HBase Kerberos connection renewal strategy

user1310957 picture user1310957 · Oct 19, 2015 · Viewed 8.7k times · Source

Recently I enabled kerberos in my cluster, everything works great until my kerberos login expires, at say, 12 hours. At that point any connections I have created, any tables created with those connections etc will throw when I use them. This could potentially crash my app depending on how I handle this.

I don't mind crashing hugely because my app is managed by slider which will resurrect the app if and when it goes down, however this will only happen when HBase is "used" (i.e. I call a method on a table with a now stale connection) which will probably be caused by a user interaction and this would lead to poor UX.

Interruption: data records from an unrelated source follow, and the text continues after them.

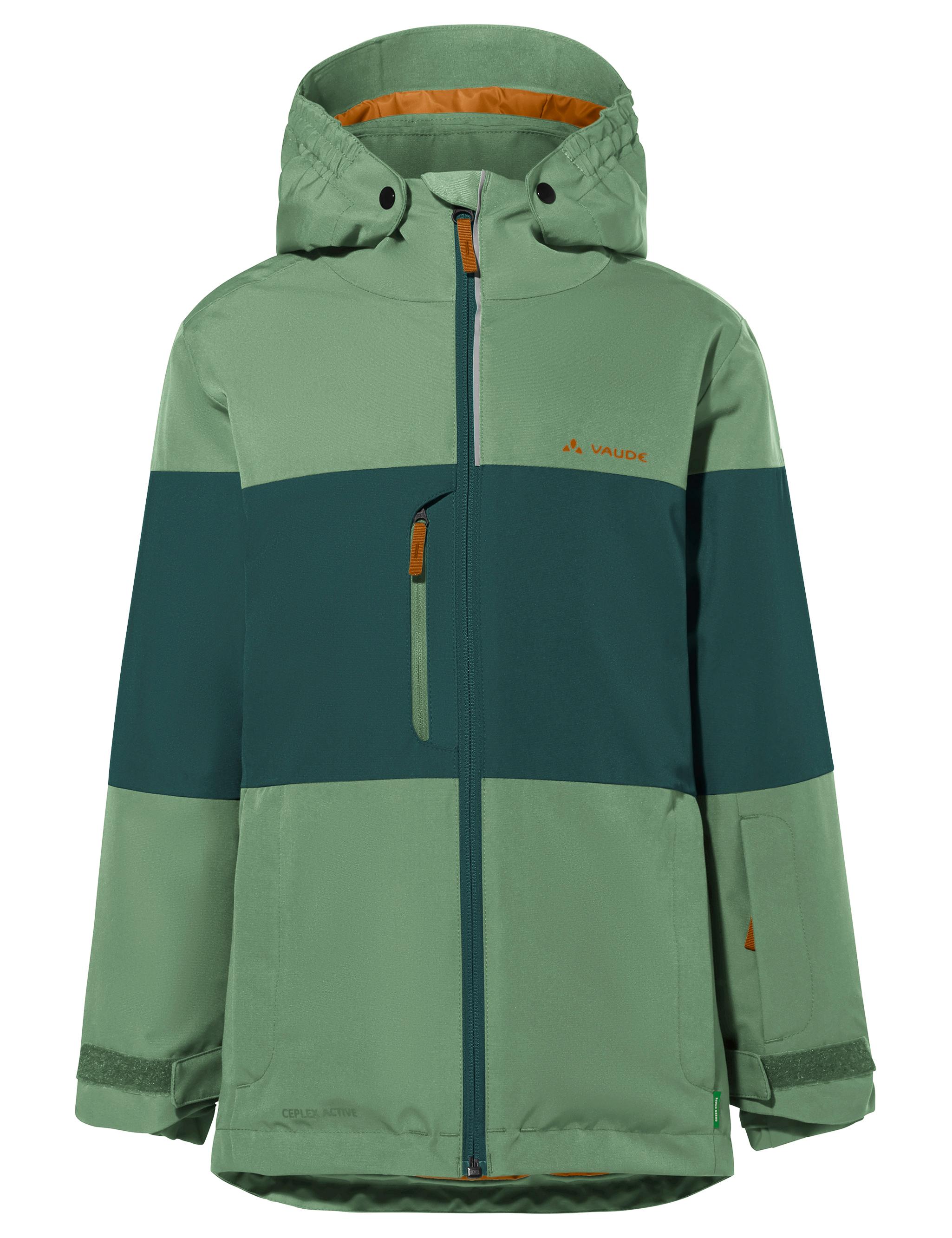 Die Kids Snow Cup Jacket mit helmtauglicher Kapuze ist eine denkbar unkomplizierte Skijacke für Mädchen und Jungen, die sich auf ihre Ausrüstung auf der Piste verlassen wollen. Diese Winterjacke ist mit der wasserdichten, atmungsaktiven Ceplex Active-Membran ausgestattet und sorgt somit für viel Spaß in den Bergen und im Schnee. Durch den abnehmbaren Schneefang, die reflektierenden Dekodrucke und die weitenverstellbaren Armbündchen lässt sich diese Outdoorjacke auch perfekt im Alltag einsetzen. Die Wattierung der Jacke wird vollständig aus recyceltem Polyester hergestellt. Das VAUDE Green Shape-Label steht für ein umweltfreundliches, funktionelles Produkt aus nachhaltigen und bluesign® zertifizierten Materialien.
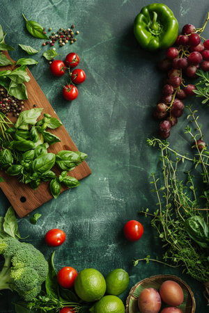 Healthy food background with various vegetables, aromatic herbs and spices ingredients. Generative Ai.
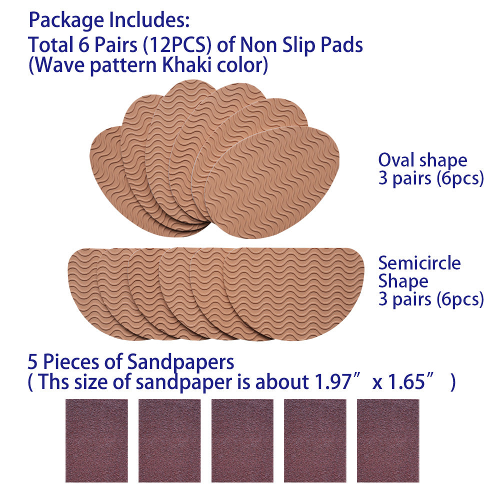 Package contains:6 Pairs (12 pieces ) of non slip pads - Oval shape pads 3 pairs (6pcs) + Semicircle shape pads 3 pairs (6pcs), and 5 pieces of sandpapers.
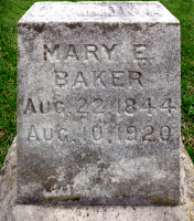 Mary Elizabeth "Lizzie" (Baker) (Lamberton) Baker died August 10, 1920, at the Rock Island County Home Infirmary, Rural Twp., Rock Island Co., IL, at age 75. Buried in Freeport City Cemetery, Freeport, Stephenson Co., IL.
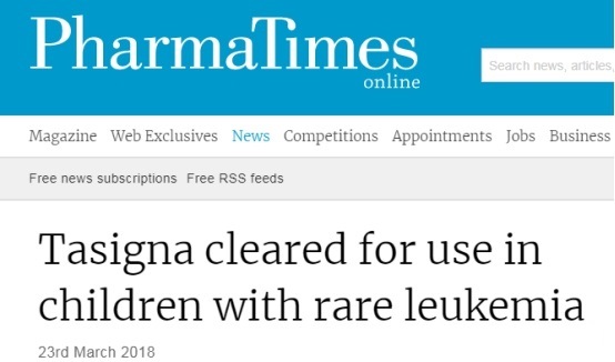2017年,美国FDA批准用于治疗新确诊的Ph+ CML-CP成人患者的治疗;2018年被美国FDA批准用于新确诊的Ph + CML-CP的1岁或1岁以上的患者;Tasigna还可用于治疗1岁或1岁以上对酪氨酸激酶抑制剂(Tki)不耐药的Ph+ CML-CP儿童患者以及用于对伊马替尼治疗耐药或不耐受成人慢性期和加速期慢性粒细胞白血病患者的治疗。
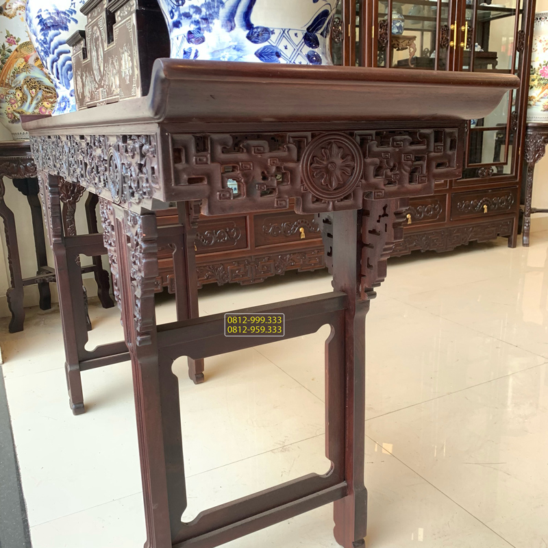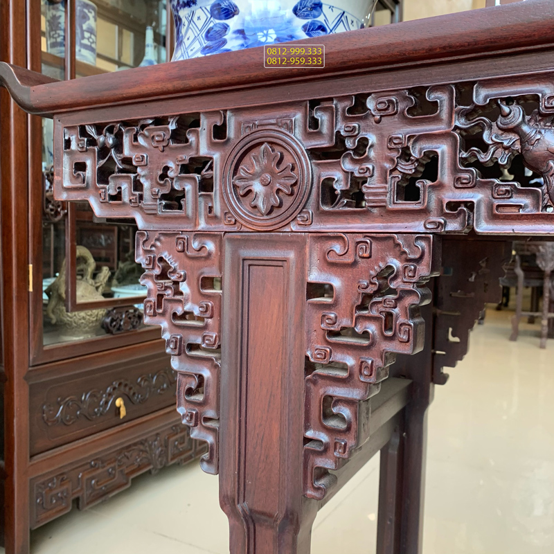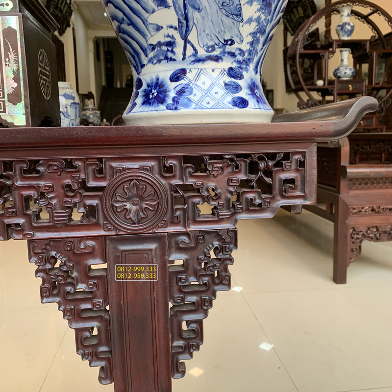 Bàn Trung Đường Triện Xúc được chạm trổ tứ diện với các nét truyện lõm đều , uyển chuyển và được làm trên nền gỗ gụ mật mang đến không gian sang trọng.
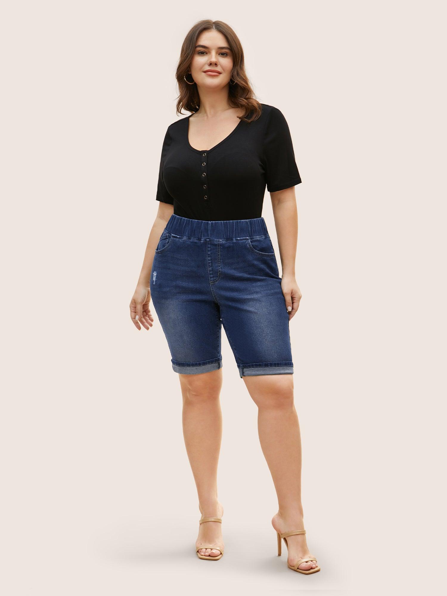 Shop Dark Wash Distressed Roll Hem Denim Shorts now and redefine your style with confidence at BloomChic. Tailored for mid and plus-size women. This trendy Denim Women, sizes 10-30. Season:Summer;Color:Bluevintage,Denimindigo;Style:Casual Everyday;Details:Distressed, Roll Hem;Pocket:Slanted pocket;Belt:No-belt;Wash:Dark Wash;Structural function:Pull-On
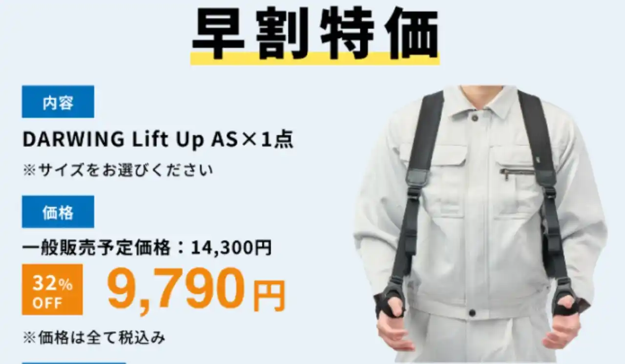 (本社:東京都中央区 代表取締役社長:新村達也)と共同開発した掘削作業用アシストスーツを大幅にリニューアルし、新製品「DARWING Lift Up AS(ダーウィン リフト アップ エーエス)」として、2026年4月2日(木)よりアタラシイものや体験の応援購入サービス「Makuake」にて先行販売を開始いたしました。
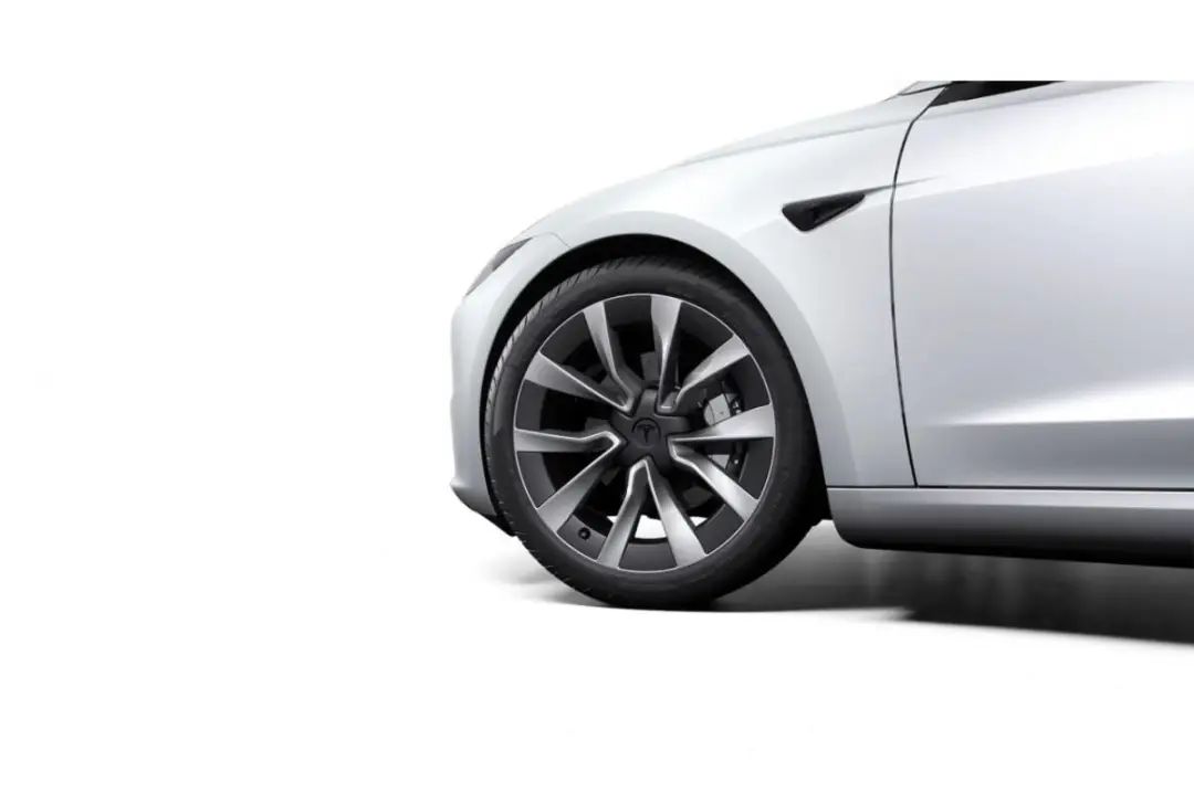 来到侧面,你会发现唯一的区别在于轮毂。新款 Model 3 提供两款轮毂样式选择,一款是标配的 18 英寸光子轮毂;另一款则是需要额外 6000 元人民币选购的 19 英寸新星轮毂。
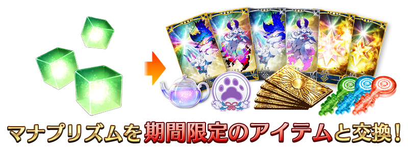 毎月更新される「マナプリズムを交換」のアイテムとは別に期間限定での追加となりますので、期間中の交換をお忘れなく!
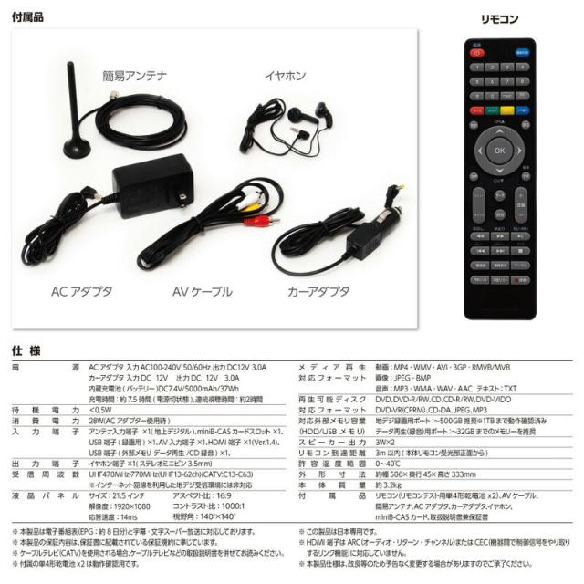 22V型フルハイビジョン録画機能付き DVD搭載ポータブルテレビ OT-TVD22TE OVERTIME 22型 フルハイビジョン 録画機能付き 3電源対応 DVDプレーヤー搭載 DVD再生 CD再生 ポータブルテレビ 壁掛け 自立 2WAY テレビ ![]() ![]() ![]() ![]() ![]() ![]() ![]() ![]() ![]() ![]() | ||||
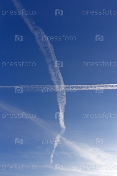 След самолета в небе
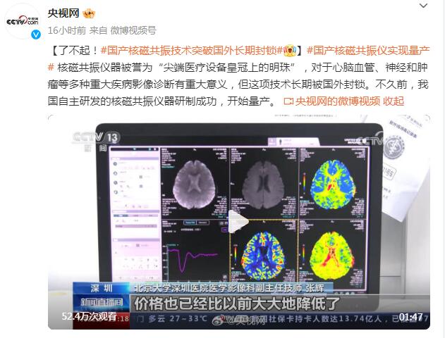 核磁共振仪器被誉为“尖端医疗设备皇冠上的明珠”,对于心脑血管、神经和肿瘤等多种重大疾病影像诊断有重大意义,但这项技术长期被国外封锁。不久前,我国自主研发的核磁共振仪器研制成功,开始量产。

I don't want authentication implementation details to pervade my application and also don't want to create connection objects more often than is necessary because it is a costly operation which makes a large number of RPC calls (zookeeper metadata location to start with).

Is there a common strategy (preferably inbuilt in HBase client) for managing kerberos authentication expiry and renewing HBase connections/tables when that happens?

Answer

Samson Scharfrichter picture Samson Scharfrichter · Oct 20, 2015

A Kerberos TGT has a lifetime (e.g. 12h) and a renewable lifetime (e.g. 7 days). As long as the ticket is still valid and is still renewable, you can request a "free" renewal -- no password required --, and the lifetime counter is reset (e.g. 12h to go, again).

The Hadoop authentication library spawns a specific Java thread for automatic renewal of the current TGT. It's kind of ugly, using a kinit -R command line instead of a JAAS library call, but it works - see HADOOP-6656

So, if you get Slider to create a renewable ticket on startup, and if you can bribe your SysAdmin to raise the default (cf. client conf) and the max (cf. KDC conf) renewable lifetime to, say, 30 days, then your app could run for 30 days straight with the initial TGT. A nice improvement.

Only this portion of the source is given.